## WHAT THE EXERCISE ASKS
Pictures in the data should be dropped; transcribe exactly the lines from the one that has "墙上的吉尼斯证书显示,眼前这" through the one that has "This is an original".
BEGIN ENTRIES SHOWN
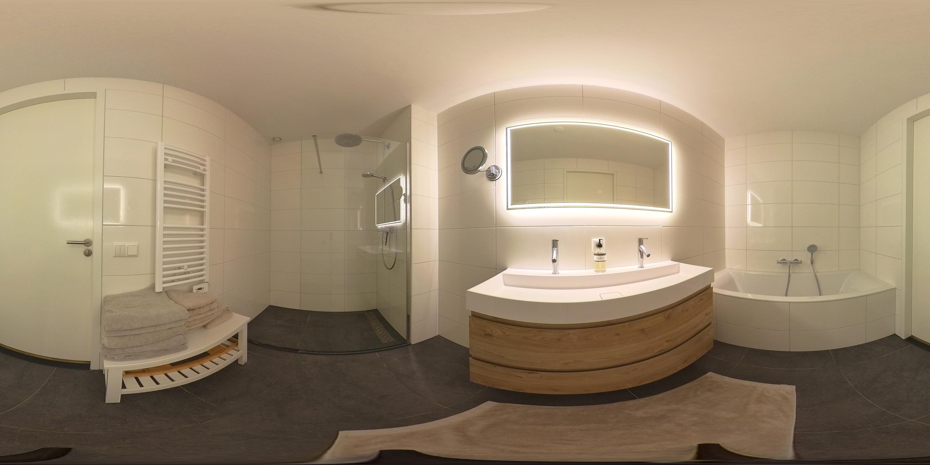 The bathroom is modern and comfortable, equipped with a walk-in shower, bathtub, double washbasin unit, and a large mirror with integrated lighting and heating. At the end of the hallway is the bright living room, surrounded by large windows — a welcoming space with lovely views of the surrounding area and greenery. The living room and open kitchen flow seamlessly together, creating a pleasant and open layout.
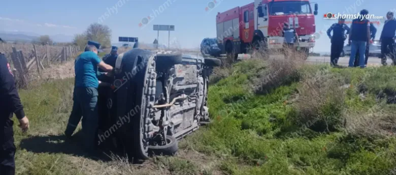 Արարատում «Toyota Vitz»-ը դուրս է եկել երթևեկելի գոտուց և կողաշրջված հայտնվել դաշտում
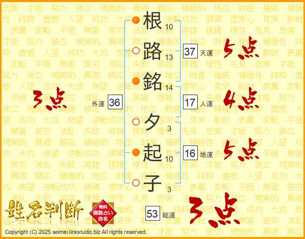 根路銘夕起子さんの総運は53画の3点!
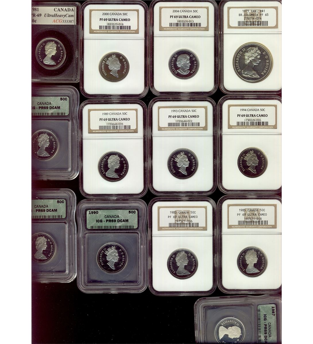 1983 50¢, 1985, 1989, 1993, 1994, 2000, 2004 All NGC PL69, 1981 ACG PR69 & 1987, 1988, 1989, 1990 IC
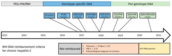 In Taiwan, the estimated prevalence of HCV is 3.28% (1.8–5.5%) in the general population, and even more than 10% in some hyperendemic areas [,]. To effectively control and treat chronic hepatitis C, the Taiwan National Health Insurance Bureau started interferon and ribavirin combination therapy in 2004, but phased into reimbursing DAAs in year 2017. As in other countries, the DAA reimbursement in Taiwan began with priority patients, only for those who failed previous interferon and ribavirin therapy and with fibrosis stage above F3. Later in 2017, DAAs were reimbursed for patients whose fibrosis stage was above F3, regardless of treatment experience. In September 2019, DAAs were reimbursed for all chronic hepatitis C patients. The introduction of different DAAs also evolved in the past several years. Since January 2017, the earliest available DAAs were daclatasvir/asunaprevir and dasabuvir plus ombitasvir/paritaprevir/ritonavir. Then in August 2017, elbasvir/grazoprevir was introduced. In 2018, sofosbuvir and sofosbuvir/ledipasvir were added. Then glecaprevir/pibrentasvir was included later. Since June 2019, sofosbuvir/velpatasvir was reimbursed. Genotype-specific DAA era transitioned into pangenotype-DAA era after August 2018 in Taiwan (Figure 1). In order to learn the effectiveness and barriers for DAA therapies, Taiwan Association for the Study of the Liver (TASL) established a Taiwan HCV Registry (TACR) in July 2020 to recruit DAA-experienced subjects and their clinical histories. Till year 2021, a total of 13951 patients from 48 study sites participated in the program and provided useful clinical profiles about DAA therapy in Taiwan [].
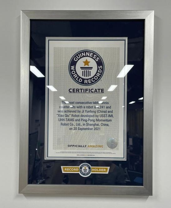 墙上的吉尼斯证书显示,眼前这台名叫“小丘”的乒乓球智能机器人,2年前就和季云峰联手,用连续6241回合的对打成绩创造了乒乓球人机对战的世界纪录!
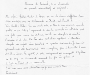 Vous ne vous en souvenez peut-être pas mais nous nous étions rencontrés début juillet il y a 2 ans dans votre bureau, vous aviez repéché in extremis T. pour sa demande d’inscription en 4è suite au désistement d’un élève.
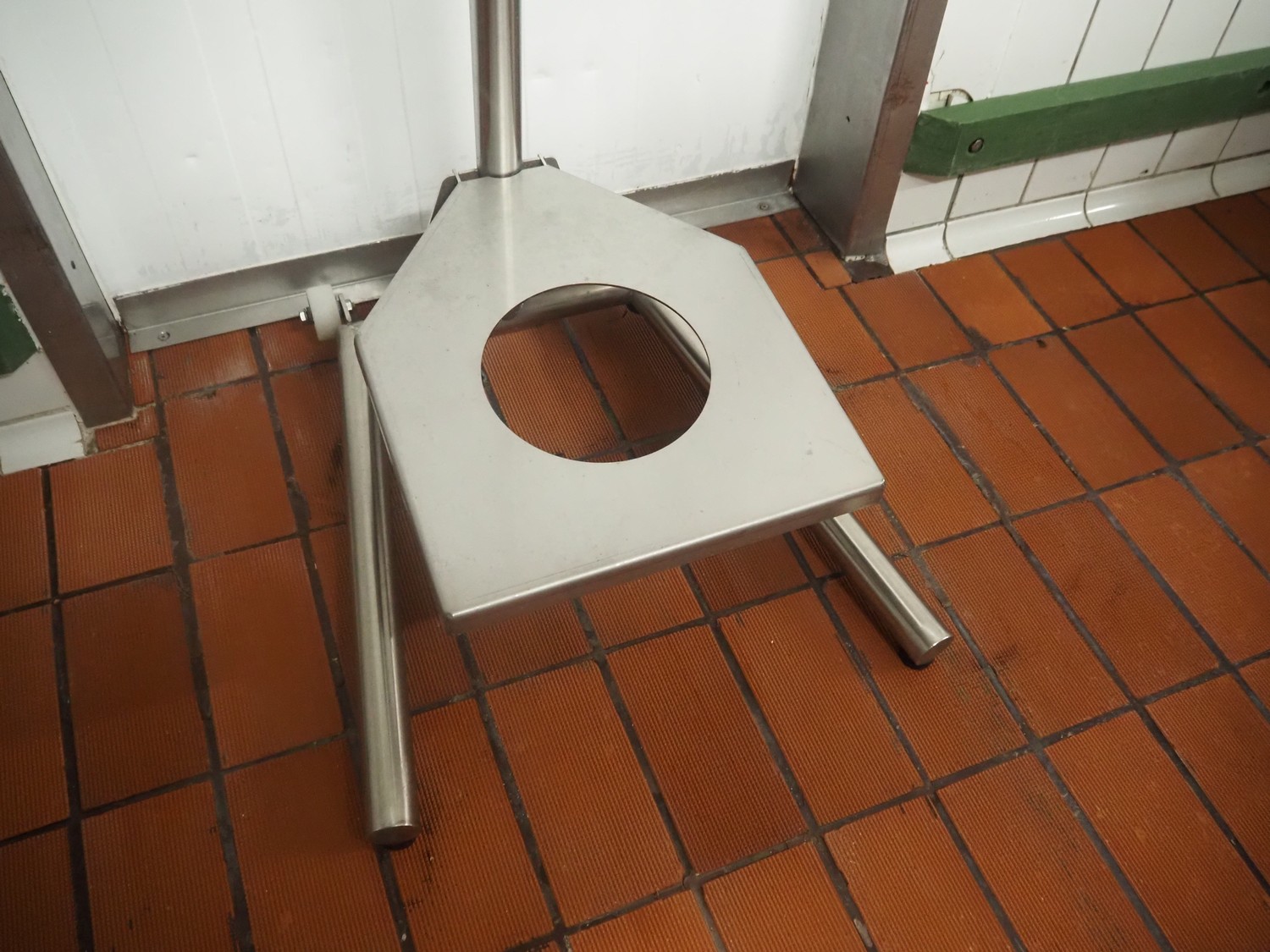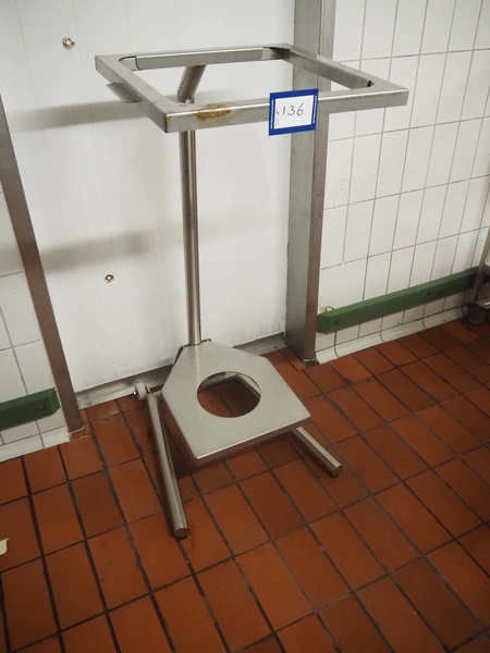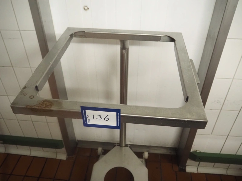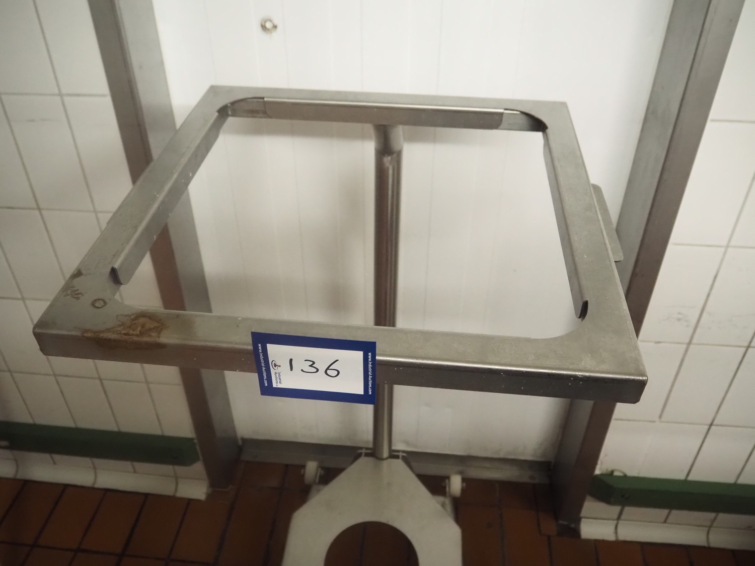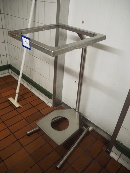 S/s mobile waste bag holder, dimensions: 700 mm x 600 mm x 1270 mm.
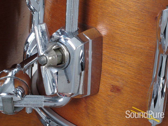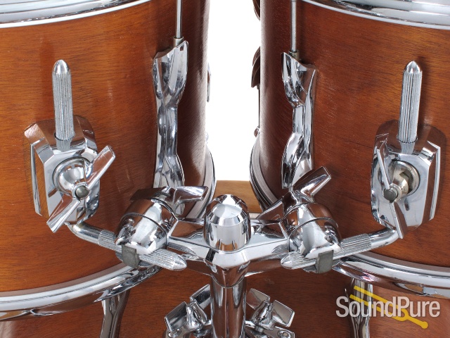 Warm and focused drums made in England. These drums are impressive and all parts appear to be original. Chrome is in good condition with minimal pitting and shells are in fair condition. All drums have reinforcing rings and the toms have die cast hoops. The exterior shells show minor scuffs with no major damage or extra holes. Overall good shape for a natural finish set from the 70s.
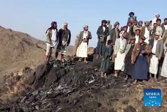 This video screenshot provided by the Houthi media outlets shows Yemeni villagers checking the wreckage of the U.S. MQ-9 drone in Sanaa province, Yemen, April 19, 2025. Yemen's Houthi group said Saturday it shot down another U.S.-made MQ-9 drone over Sanaa province in the past 24 hours. (Xinhua)
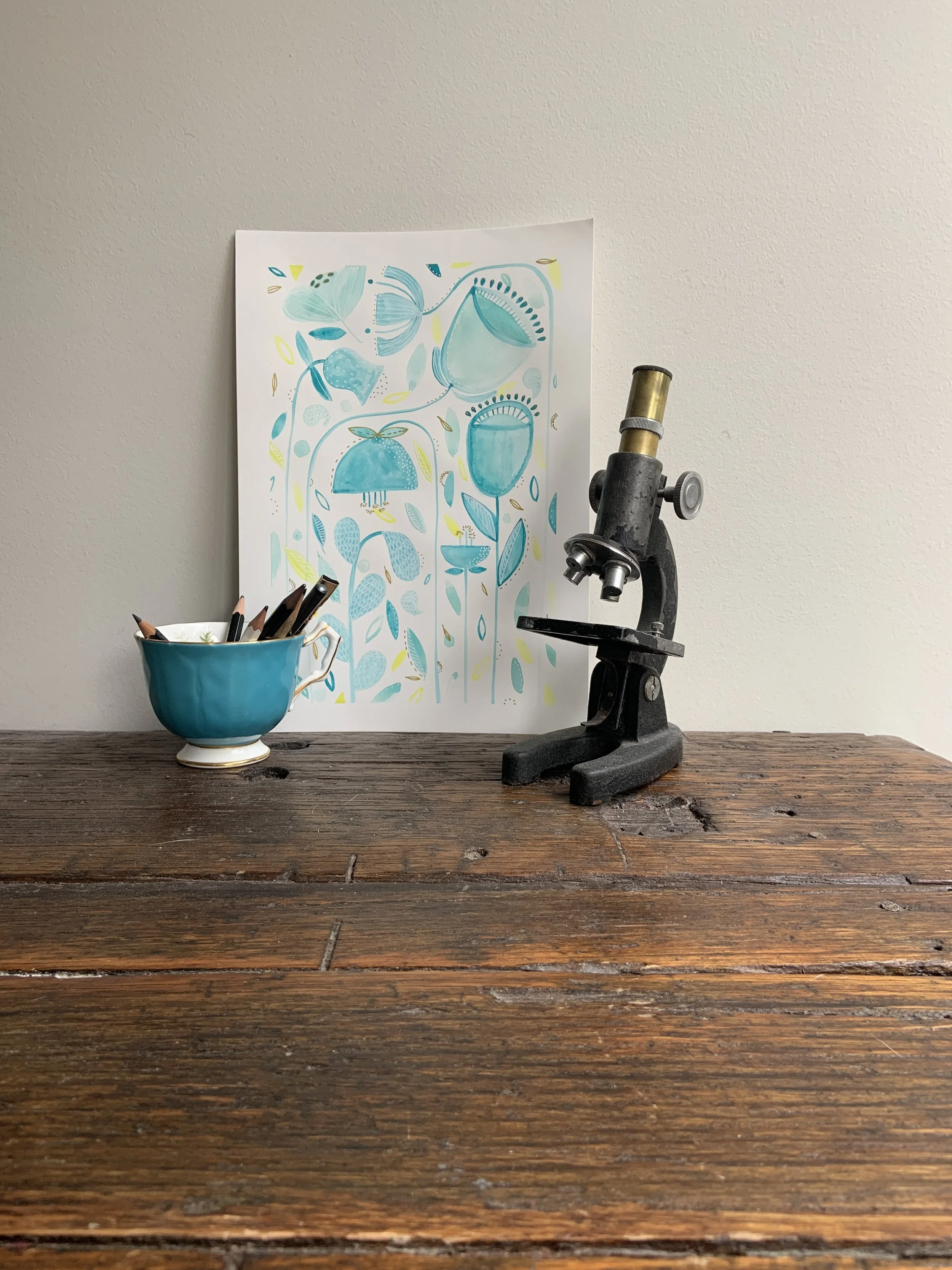 This is an original watercolour painting created by me, Twinkle. This listing is titled ' Aqua blooms are all I need to make me happy'.
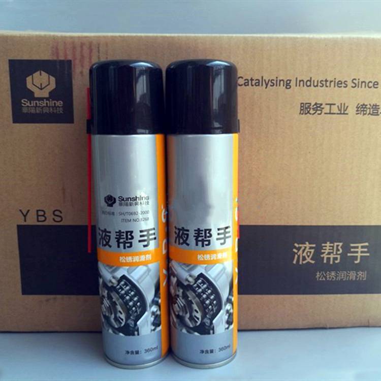 液帮手YBS8268松锈润滑剂,能渗透到金属联接件的细微缝隙中,使锈死的螺栓、零件容易拆开。润滑机具、工具、门栓、销轴、锁具等摩擦部位,降低磨损,消除噪声。清除金属表面的锈斑,并达到防锈效果。清洁工具、机具上的油污、油脂、灰尘和脏物。对金属、塑料、橡胶、木材等无损害,无刺激性气味。
END ENTRIES SHOWN
## WRITTEN SOLUTION
 墙上的吉尼斯证书显示,眼前这台名叫“小丘”的乒乓球智能机器人,2年前就和季云峰联手,用连续6241回合的对打成绩创造了乒乓球人机对战的世界纪录!
 Vous ne vous en souvenez peut-être pas mais nous nous étions rencontrés début juillet il y a 2 ans dans votre bureau, vous aviez repéché in extremis T. pour sa demande d’inscription en 4è suite au désistement d’un élève.
 S/s mobile waste bag holder, dimensions: 700 mm x 600 mm x 1270 mm.
 Warm and focused drums made in England. These drums are impressive and all parts appear to be original. Chrome is in good condition with minimal pitting and shells are in fair condition. All drums have reinforcing rings and the toms have die cast hoops. The exterior shells show minor scuffs with no major damage or extra holes. Overall good shape for a natural finish set from the 70s.
 This video screenshot provided by the Houthi media outlets shows Yemeni villagers checking the wreckage of the U.S. MQ-9 drone in Sanaa province, Yemen, April 19, 2025. Yemen's Houthi group said Saturday it shot down another U.S.-made MQ-9 drone over Sanaa province in the past 24 hours. (Xinhua)
 This is an original watercolour painting created by me, Twinkle. This listing is titled ' Aqua blooms are all I need to make me happy'.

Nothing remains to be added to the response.